● **Aim of the task**: For the records below, please print exactly and only the lines from the one with "Record. | |||||" down to the one with "- Умывальник обтекаемой формы", both ends included, omitting the pictures.

[Items from a dataset]
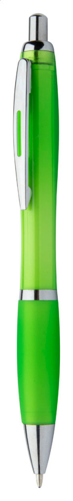 Műanyag golyóstoll áttetsző testtel, színben megegyező markolattal és fényes króm alkatrészekkel. Kék tollbetéttel szállítjuk.
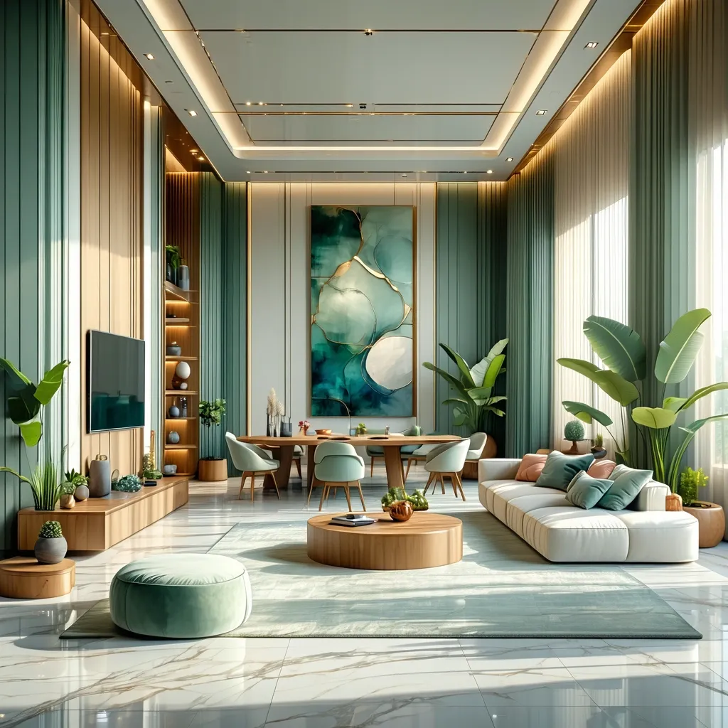- Зеленый + бежевый + золотой: Эко-стиль в столовой, повышает концентрацию.
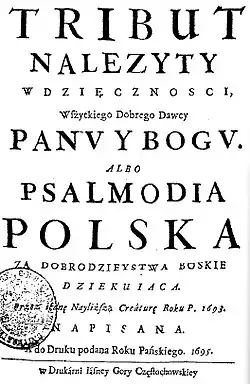 - Psalmodia polska, Trybut należyty wdzięczności wszystkiego dobrego Dawcy, Panu i Bogu albo Psalmodia polska za dobrodziejstwa Boskie dziękująca 1695.
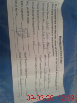 | Certified that this School was Inspected by the Undersigned MEA/DMO Today and the Information Stated Above is as Per Record. | |||||
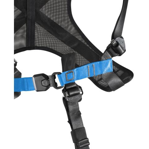 Edessä tekstiilinen putoamisen pysäyttävän järjestelmän kiinnityspiste. Pukemisen kannalta oleelliset alueet erottuvat sinisinä, joka myös nopeuttaa hahmottamista ja pukemista.
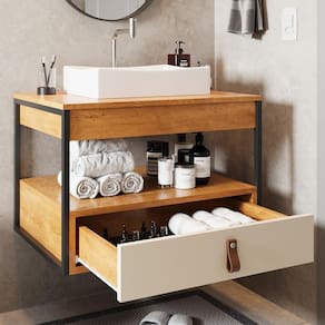 Apresentamos o Gabinete Harley com Cuba Dalla e Espelho Castanheira, perfeita para adicionar um toque de elegância e funcionalidade ao seu banheiro. O gabinete com seu acabamento traz um toque de sofisticação ao seu ambiente, por outro lado a cuba e o espelho traz um design moderno e funcional. Esse conjunto é a escolha ideal para adicional um toque de estilo e funcionalidade.
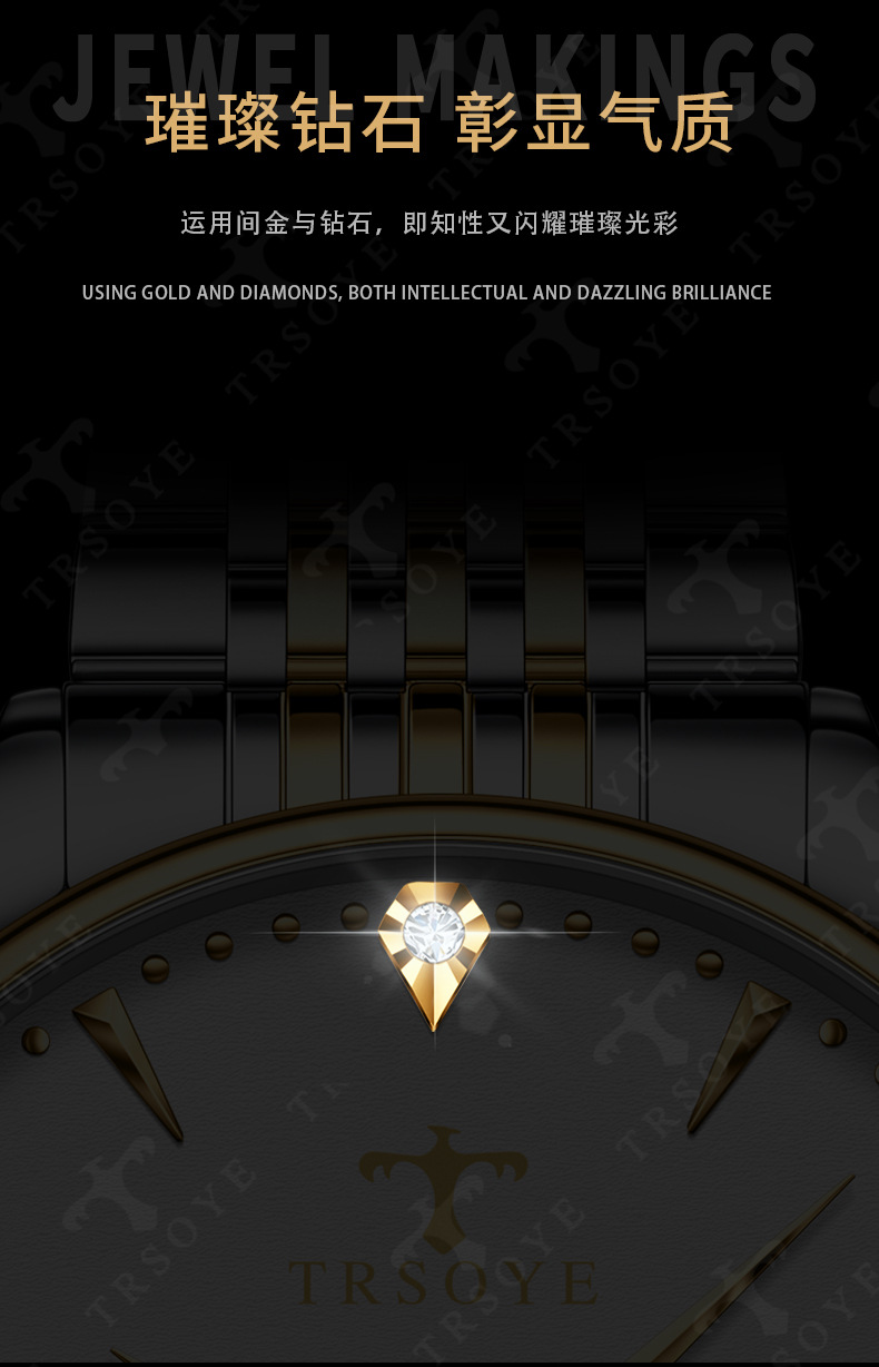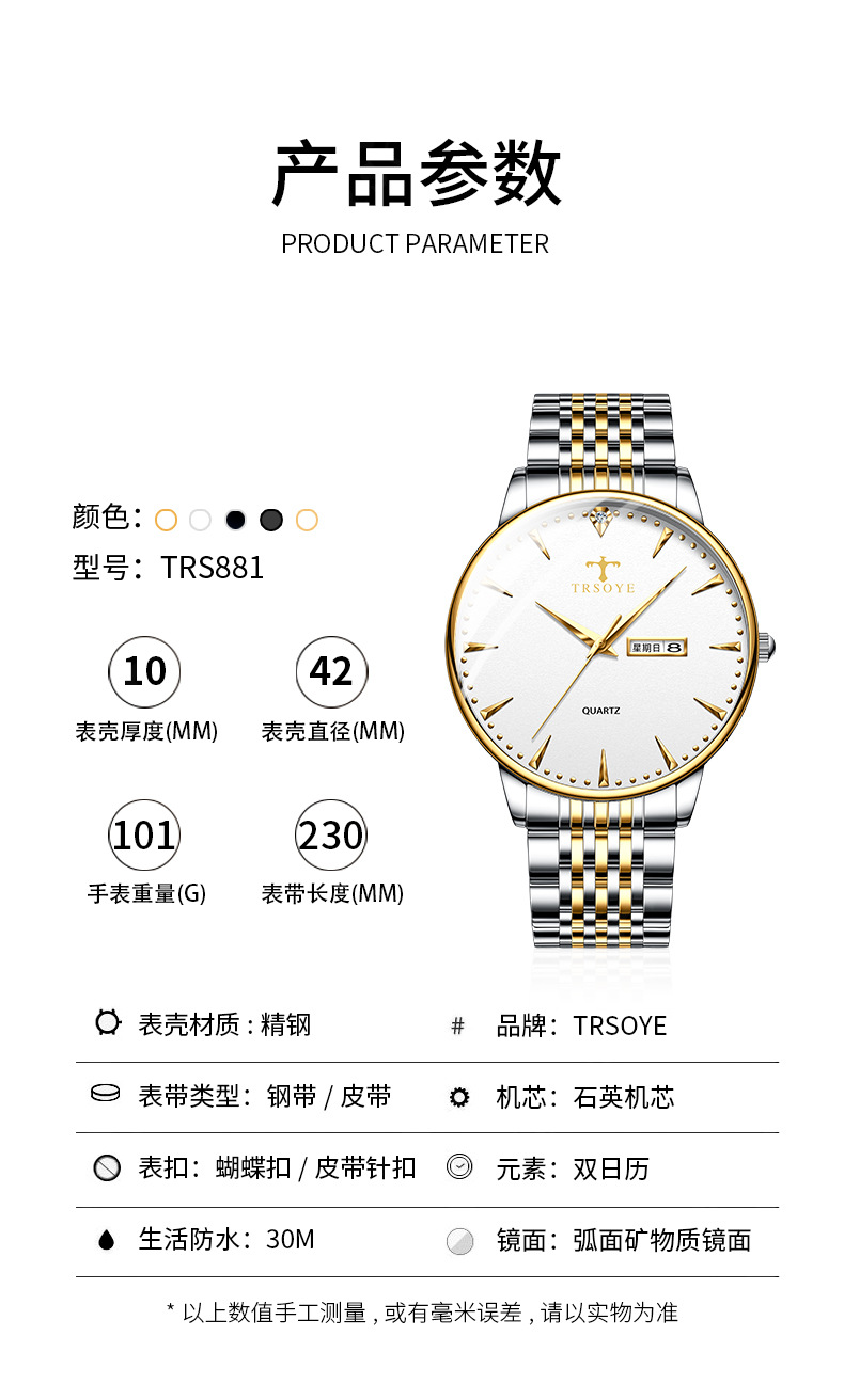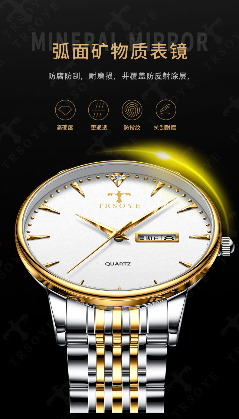 瑞士品牌男士手表商务防水夜光双日历石英钢带表直播外贸一件代发
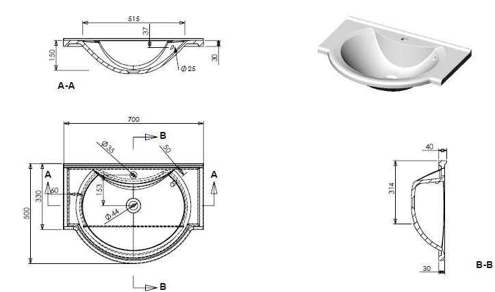 - Умывальник обтекаемой формы
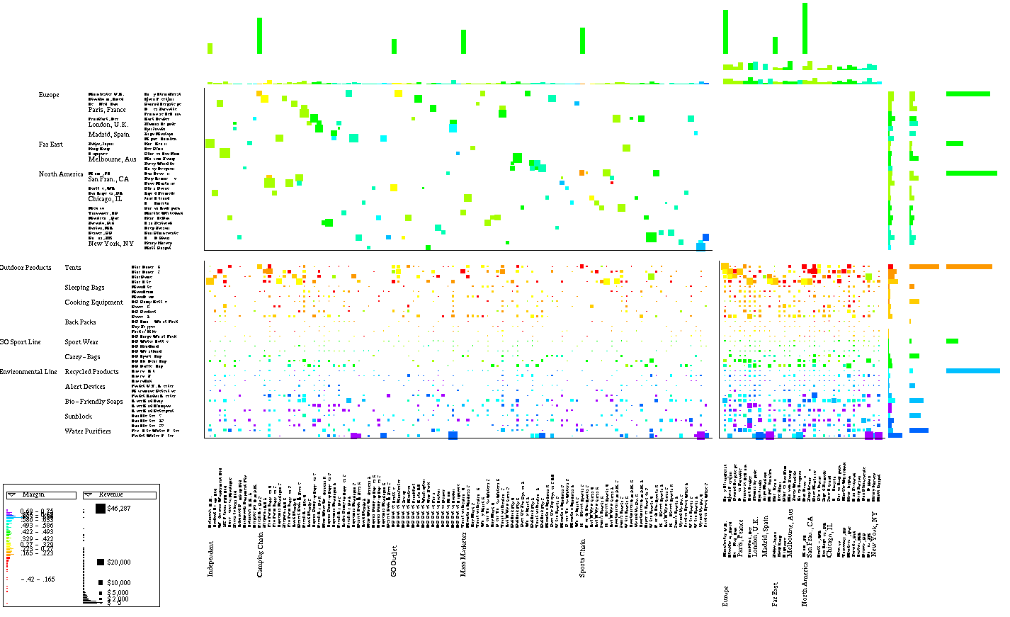This figure is derived from data in my Microsoft Outlook .pst file. A Visage script looks up the latitude and longitude for each contact from the address information. The top Sage picture shows the locations of all contacts in the US that I have received email from. The size of the circle shows the volume of email. The bottom Sage picture shows my social network, where the number of email messages received in common is a surrogate for social closeness. Link color indicates the folder where each common message is filed. The cluster at the bottom are employees of The Maya Group, with which I collaborate. On top are CMU colleagues. The densely connected clique are in the School of Computer Science, while the peninsula to the right are physicists. The orange cluster are family members, whom I selected with a bounding box. (This also colors the links to these people orange. Otherwise they would be colored "Personal.") Family members are also clustered in the map visualization (where they are also orange), showing the correlation of social and geographic space.
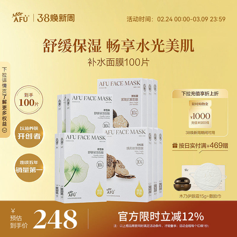 阿芙补水面膜玫瑰提亮积雪草面膜保湿舒缓面部护理套装100片夏季
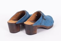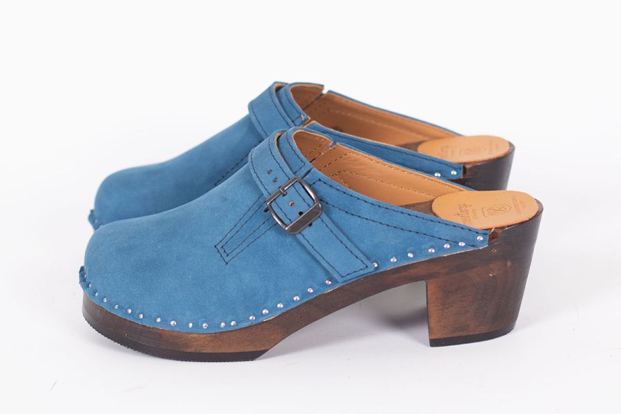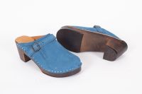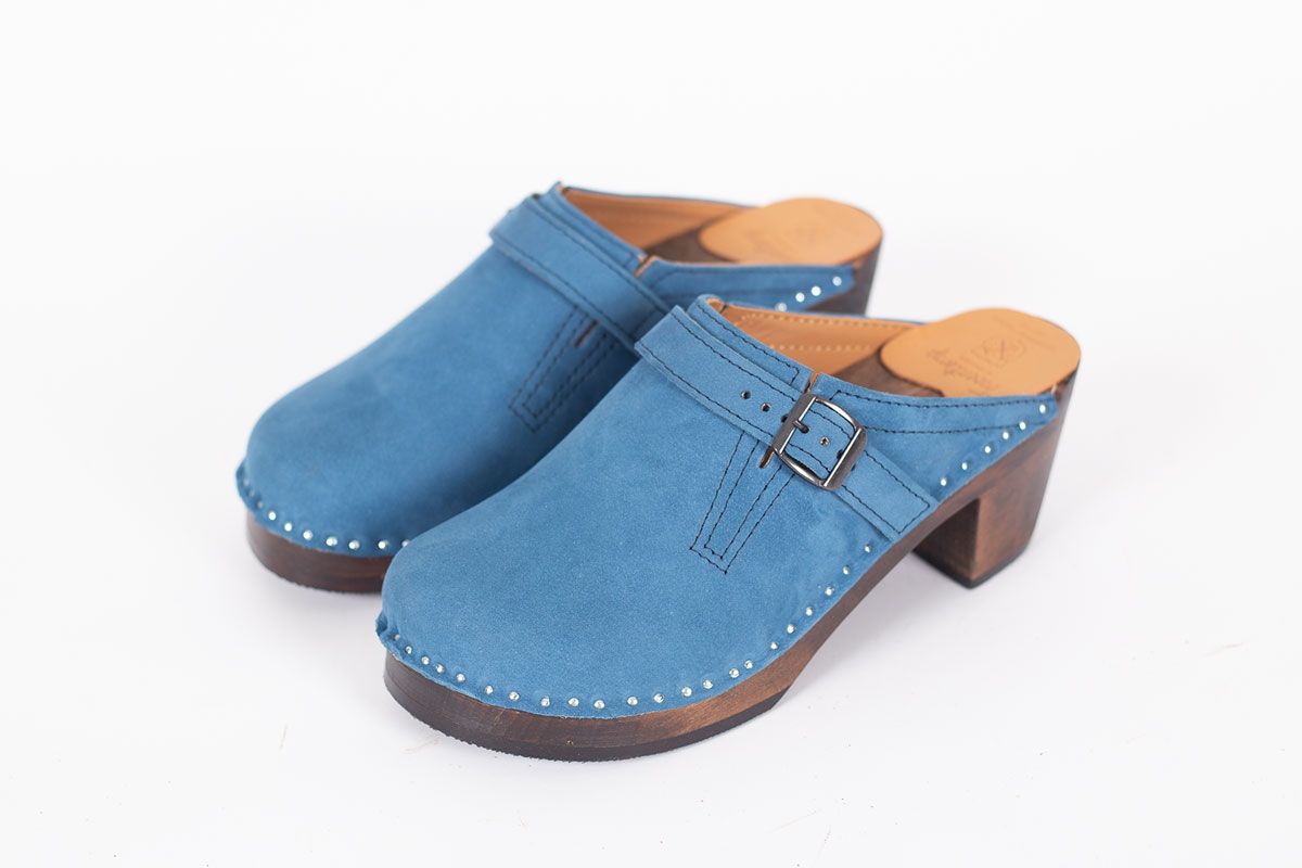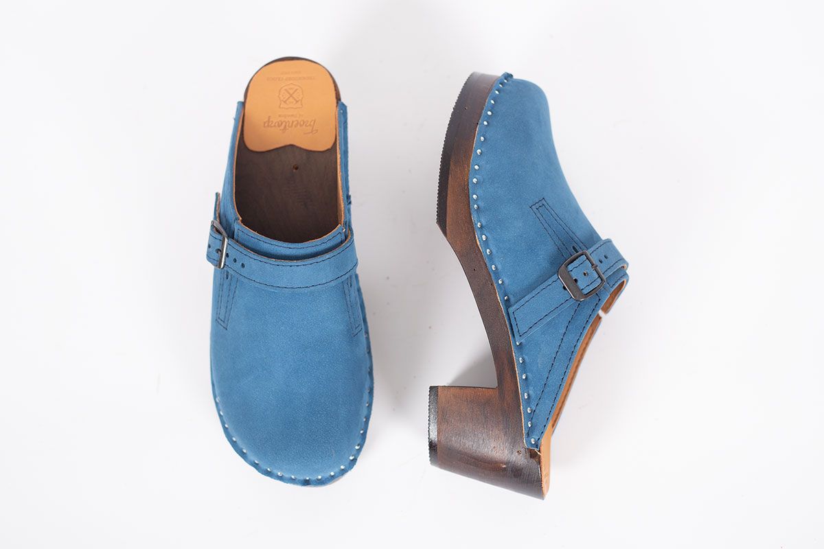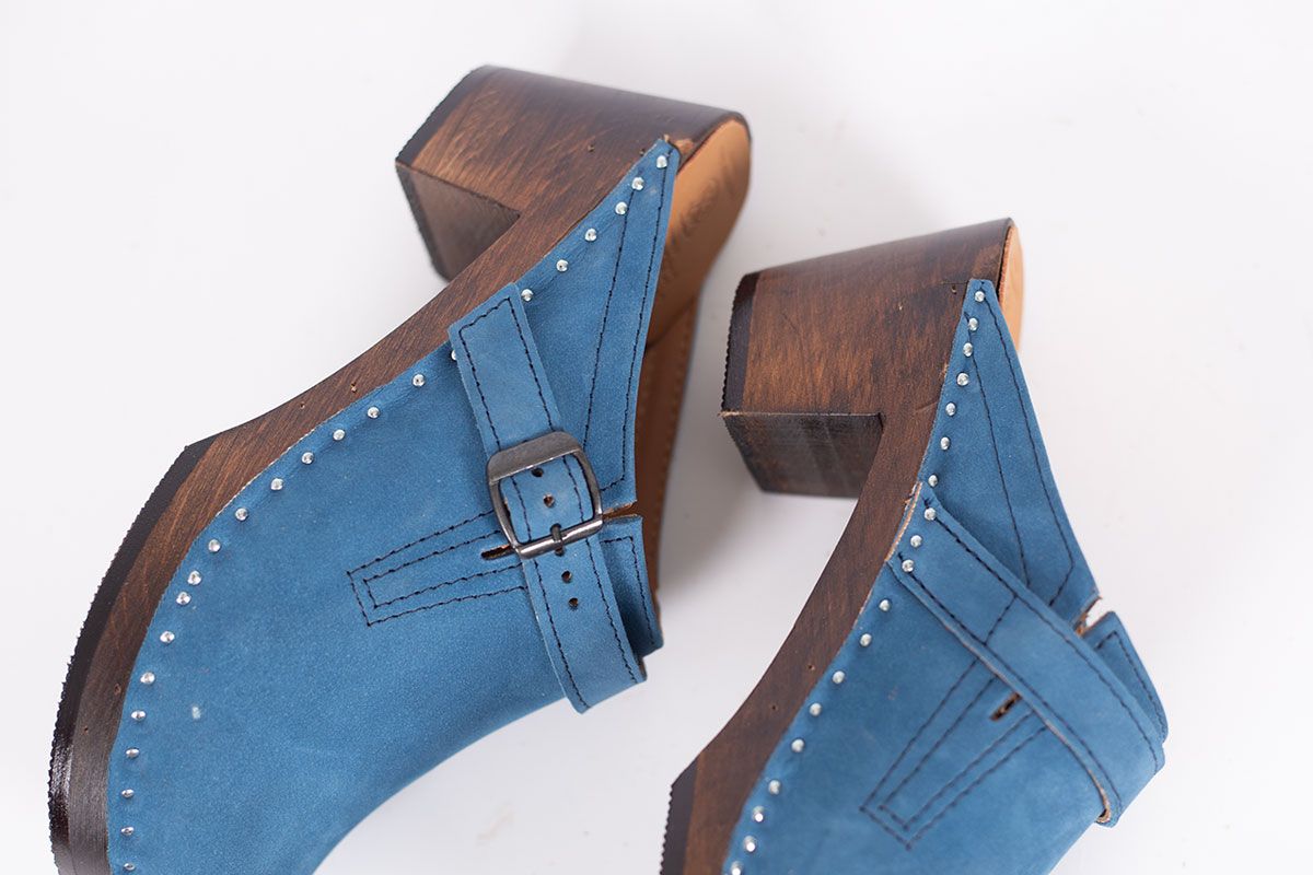 Raphael was designed in 1962 and comes with an adjustable strap over the instep. The clogs are made in blue nubuck leather and nailed onto our varnished brown Mid heels.

● **Result below**:
 | Certified that this School was Inspected by the Undersigned MEA/DMO Today and the Information Stated Above is as Per Record. | |||||
 Edessä tekstiilinen putoamisen pysäyttävän järjestelmän kiinnityspiste. Pukemisen kannalta oleelliset alueet erottuvat sinisinä, joka myös nopeuttaa hahmottamista ja pukemista.
 Apresentamos o Gabinete Harley com Cuba Dalla e Espelho Castanheira, perfeita para adicionar um toque de elegância e funcionalidade ao seu banheiro. O gabinete com seu acabamento traz um toque de sofisticação ao seu ambiente, por outro lado a cuba e o espelho traz um design moderno e funcional. Esse conjunto é a escolha ideal para adicional um toque de estilo e funcionalidade.
 瑞士品牌男士手表商务防水夜光双日历石英钢带表直播外贸一件代发
 - Умывальник обтекаемой формы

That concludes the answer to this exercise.